在這里我們有看到了sentinel集群中對于failover狀態開始時間的一個統一同步,非leader的sentinel節點是在收到投票的命令廣播時認為故障轉移開始。整個投票的過程有如下的交互流程如下:
- sentinel節點發送
SENTINEL is-master-down-by-addr
命令要求接收節點設置自己為leader,此時有兩種情況:1)接收節點在當前投票紀元中沒有設置leader,便設置將其設置為leader。2)接收節點在當前投票紀元中已設置了leader,便將已設置的leader返回。 - sentinel節點,接收到返回結果后,將leader runid結果更新在對應的
sentinel
的sentinelRedisInstance
結構中,以便后續統計票數。 - 通過一輪詢問,詢問的sentinel節點就將會獲得其他sentinel的投票結果。
- 進入狀態機中的
SENTINEL_FAILOVER_STATE_WAIT_START
進行唱票。
void sentinelFailoverWaitStart(sentinelRedisInstance *ri) {
char *leader;
int isleader;
/* Check if we are the leader for the failover epoch. */
leader = sentinelGetLeader(ri, ri->failover_epoch);
isleader = leader && strcasecmp(leader,sentinel.myid) == 0;
sdsfree(leader);
/* If I'm not the leader, and it is not a forced failover via
* SENTINEL FAILOVER, then I can't continue with the failover. */
if (!isleader && !(ri->flags & SRI_FORCE_FAILOVER)) {
int election_timeout = SENTINEL_ELECTION_TIMEOUT;
/* The election timeout is the MIN between SENTINEL_ELECTION_TIMEOUT
* and the configured failover timeout. */
if (election_timeout > ri->failover_timeout)
election_timeout = ri->failover_timeout;
/* Abort the failover if I'm not the leader after some time. */
if (mstime() - ri->failover_start_time > election_timeout) {
sentinelEvent(LL_WARNING,"-failover-abort-not-elected",ri,"%@");
sentinelAbortFailover(ri);
}
return;
}
sentinelEvent(LL_WARNING,"+elected-leader",ri,"%@");
if (sentinel.simfailure_flags & SENTINEL_SIMFAILURE_CRASH_AFTER_ELECTION)

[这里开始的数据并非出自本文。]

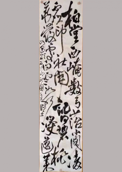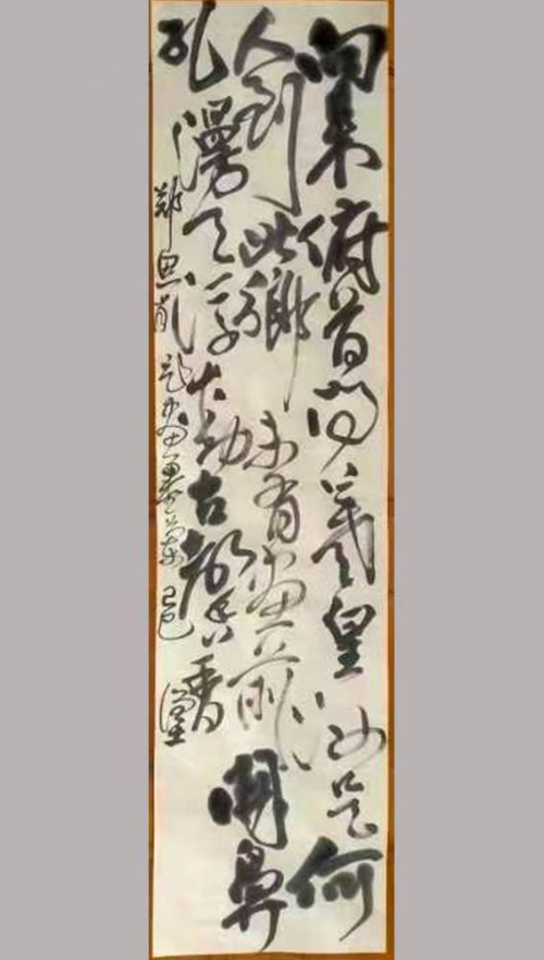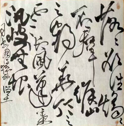 毕加索初观草书而震惊,曾自言若生中国必为书家而非画家,以为憾事,是华夏之书法早抽象于欧美之艺术,信不虚也。試觀《全唐詩》赞书法之篇皆為草书而作,唐雖楷法造極 然詩赞阙如,怪哉何哉?狂草波澜壮阔激電奔雷神秘莫测氣势恢宏精彩绝倫之藝術境界,却恰恰是在酒神颠狂状態下非理性造就并将创造美与人性美表现得淋漓盡致,猶以旭素天赋禀異,“以狂继颠”,双峰竝峙,榮耀中唐,草聖之作,绚麗璀璨,得法外之竒妙与氣概之震憾名動四方,忽見師作縱横不群迅疾駭人,驚心動魄如大海之狂飚,激情四射如火焰之燃燒,兼好事者作歌贊之,動盈卷軸,良有以也。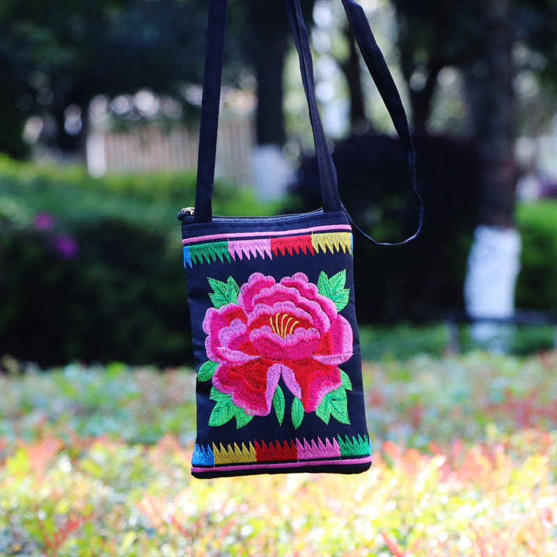 Ethnic Style Tribal Embroidery Flower Crossbody 6.5 Inch Mobile Phone Bag Hanging Neck Mobile Phone Bag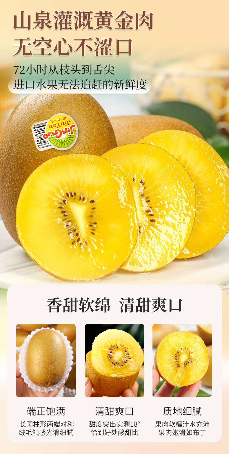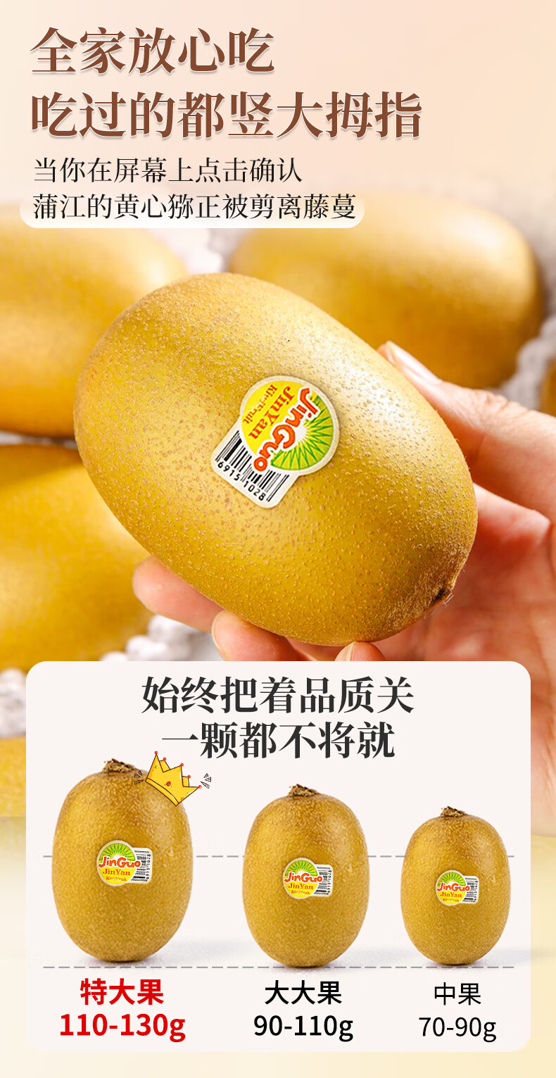 松林美果【顺丰速递】黄金奇异果阳光金果孕妇水果G3猕猴桃商端礼盒黄心 16枚特大果(130-150g)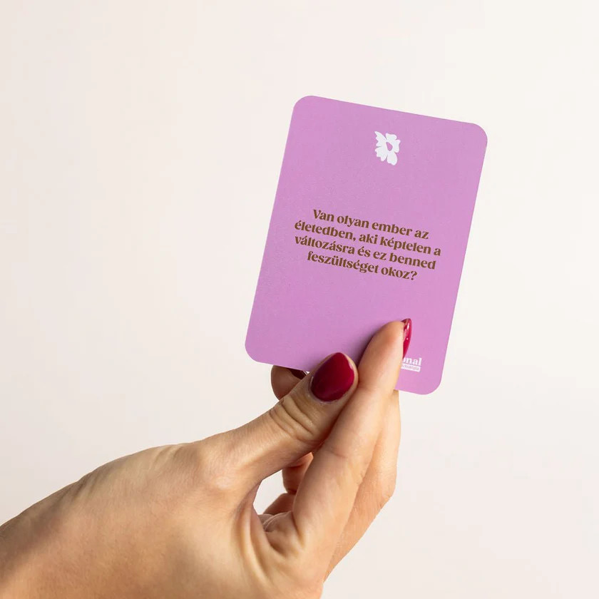 Ez a kártyajáték 90 pszichológiai gondolatot és 90 db - ezekhez a gondolatokhoz - kapcsolódó kérdést tartalmaz, amelyek segítenek elmélyülni fontos élethelyzetekben, kapcsolataink működésében és saját belső folyamatainkban.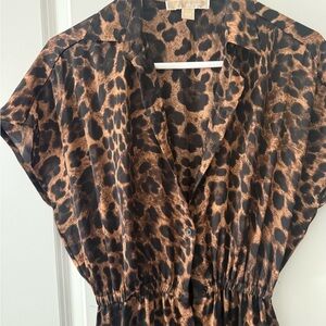 This elegant jumpsuit romper by Michael Kors features a striking brown and black leopard print, perfect for casual or work occasions. The dress boasts a flattering V-neckline and cap dolman sleeves, offering a sophisticated yet relaxed style. Its flowing fabric and notched collar add a touch of elegance to this versatile piece.

sentinelSimFailureCrash();
ri->failover_state = SENTINEL_FAILOVER_STATE_SELECT_SLAVE;
ri->failover_state_change_time = mstime();
sentinelEvent(LL_WARNING,"+failover-state-select-slave",ri,"%@");
}
sentinelGetLeader
/* Scan all the Sentinels attached to this master to check if there
* is a leader for the specified epoch.
*
* To be a leader for a given epoch, we should have the majority of
* the Sentinels we know (ever seen since the last SENTINEL RESET) that
* reported the same instance as leader for the same epoch. */
char *sentinelGetLeader(sentinelRedisInstance *master, uint64_t epoch) {
dict *counters;
dictIterator *di;
dictEntry *de;
unsigned int voters = 0, voters_quorum;
char *myvote;
char *winner = NULL;
uint64_t leader_epoch;
uint64_t max_votes = 0;
serverAssert(master->flags & (SRI_O_DOWN|SRI_FAILOVER_IN_PROGRESS));
counters = dictCreate(&leaderVotesDictType,NULL);
voters = dictSize(master->sentinels)+1; /* All the other sentinels and me.*/
/* Count other sentinels votes */
di = dictGetIterator(master->sentinels);
while((de = dictNext(di)) != NULL) {
sentinelRedisInstance *ri = dictGetVal(de);
if (ri->leader != NULL && ri->leader_epoch == sentinel.current_epoch)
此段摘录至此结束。